The bench of Justices Augustine George Masih and Sandeep Moudgil held that the arbitration clause, if there is one, is in the Consulting Agreements and would not apply here since the plaintiff’s claim is solely based on the MoU.
The appeal matter was filed before the court against the order of Commercial Court to dismiss the respondent application under Order VII Rule 11 (d) of the CPC read with Section 8 of the Arbitration & Conciliation Act, 1996 for rejection of the plaint in terms of Clause 16 in the Consulting Agreement.
The counsel for the appellant contended that the Court below has misread the provisions of the agreements which have been entered into between the parties.
The court observed the working relationship between both of the parties as per the MoU w.e.f 17.03.2017. According to which, Respondent No. 1 (here, Appellant) was playing supporting factor for the Appellant’s (here, Respondent No. 1) quantity surveying business for the term of five years in UK and it was renewed again on March, 2022.
The court further emphasised that rather than the Purchase Orders, the Memorandum of Understanding operated as the base for the working relationship that governed the conduct between the parties.
The court remarked that there is no disputing the fact that the Memorandum of Understanding does not contain an arbitration clause with regard to the arbitration provision in the contract.
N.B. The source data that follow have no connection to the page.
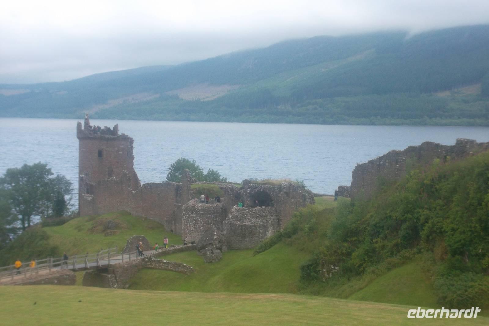 Dann erreichten wir das langgestreckte Loch Ness und die Burgruine Urquardt Castle, die zu den malerischsten und meistbesuchten Burgruinen Schottlands gehört. Einst war sie wichtiger Stützpunkt der schottischen Könige und mit ihrer zentralen Lage am weltbekannten See Loch Ness sehr wichtig. Dieser knapp 40 km lange, sehr schmale und überaus tiefe Rinnensee ist wohl vor allem bekannt für seine Legenden um das Ungeheuer von Loch Ness. Von Urquhart Castle sollen die meisten Nessie-Beobachter fündig geworden sein, weshalb sie fast als Wohnsitz des legendären Ungeheuers gilt. Danach fuhren wir um das Ende des Sees herum und an Inverness, der Hauptstadt der Highlands, vorbei. Wir sahen uns aber noch das geschichtsträchtige Schlachtfeld von Culloden an und verweilten schließlich noch ein paar Minuten an den Cairns of Clava - spektakulären prähistorischen Grabanlagen. Schließlich erreichten wir das urige „Balavil Hotel" in Newtonmore. Es gefiel vielen unserer Gästen gut, war es doch das „typischste" und traditionellste der Reise - und abends gab es sogar Live-Musik!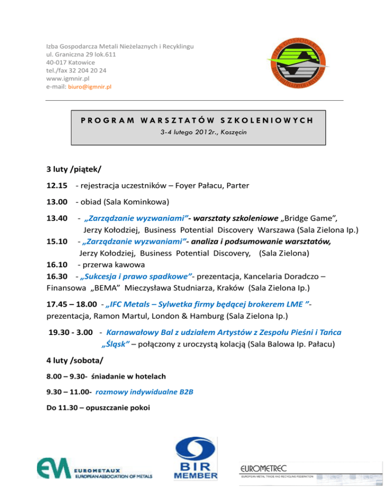 Izba Gospodarcza Metali Nieżelaznych i Recyklingu ul. Graniczna 29 lok.611 40-017 Katowice tel./fax 32 204 20 24 www.igmnir.pl e-mail: [email protected] P RO G R A M WA R S Z TAT Ó W S Z KO L E N I O W YC H 3-4 lutego 2012r., Koszęcin 3 luty /piątek/ 12.15 - rejestracja uczestników – Foyer Pałacu, Parter 13.00 - obiad (Sala Kominkowa) 13.40 - „Zarządzanie wyzwaniami”- warsztaty szkoleniowe „Bridge Game”, Jerzy Kołodziej, Business Potential Discovery Warszawa (Sala Zielona Ip.) 15.10 - „Zarządzanie wyzwaniami”- analiza i podsumowanie warsztatów, Jerzy Kołodziej, Business Potential Discovery, (Sala Zielona) 16.10 - przerwa kawowa 16.30 - „Sukcesja i prawo spadkowe”- prezentacja, Kancelaria Doradczo – Finansowa „BEMA” Mieczysława Studniarza, Kraków (Sala Zielona Ip.) 17.45 – 18.00 - „IFC Metals – Sylwetka firmy będącej brokerem LME ”prezentacja, Ramon Martul, London & Hamburg (Sala Zielona Ip.) 19.30 - 3.00 - Karnawałowy Bal z udziałem Artystów z Zespołu Pieśni i Tańca „Śląsk” – połączony z uroczystą kolacją (Sala Balowa Ip. Pałacu) 4 luty /sobota/ 8.00 – 9.30- śniadanie w hotelach 9.30 – 11.00- rozmowy indywidualne B2B Do 11.30 – opuszczanie pokoi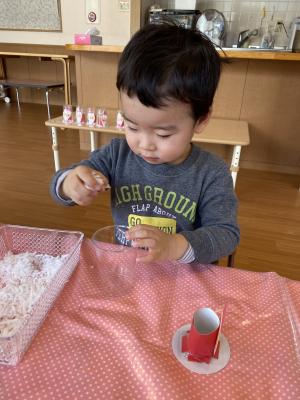 サンタクロースの目と口を描いて、可愛いスノードームができました!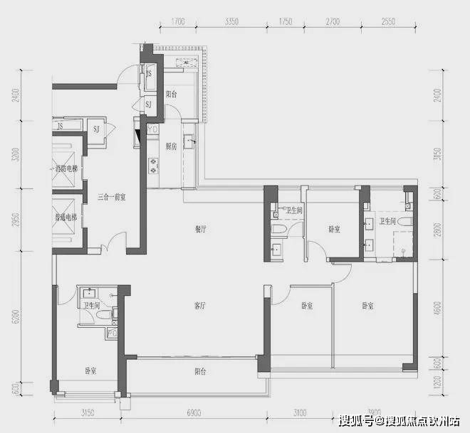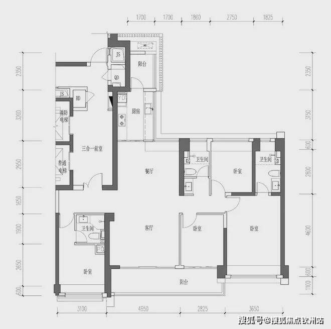 169㎡户型:4房2厅3卫,竖厅格局,2梯2户,专梯入户,得房率约68.58%(不含赠送),正南朝向。

The clause, if there is one, is in the consulting agreements, but it is not significant because respondent No. 1’s plaintiff’s claim is solely based on the MoU.
The Court observed the given relevant facts and circumstances, and held that the dispute and the claims made in the civil suit cannot serve as justification for dismissal of the case if they are unrelated to Purchase Orders or Consulting Agreements. Likewise, the issue of the claims’ separation does not arise.
Furthermore, the parties would not be bound by a claim that is based on a contract without an arbitration clause. Therefore, the appellant’s argument that the lawsuit should be dismissed because it contains an arbitration clause is not satisfactory.
As the court fails to see merit in present appeal, same was dismissed.
Case Title: M/s Soben Contract and Commercial Ltd. v/s M/s Qonquests Technical Solutions Pvt. Ltd. and Ors.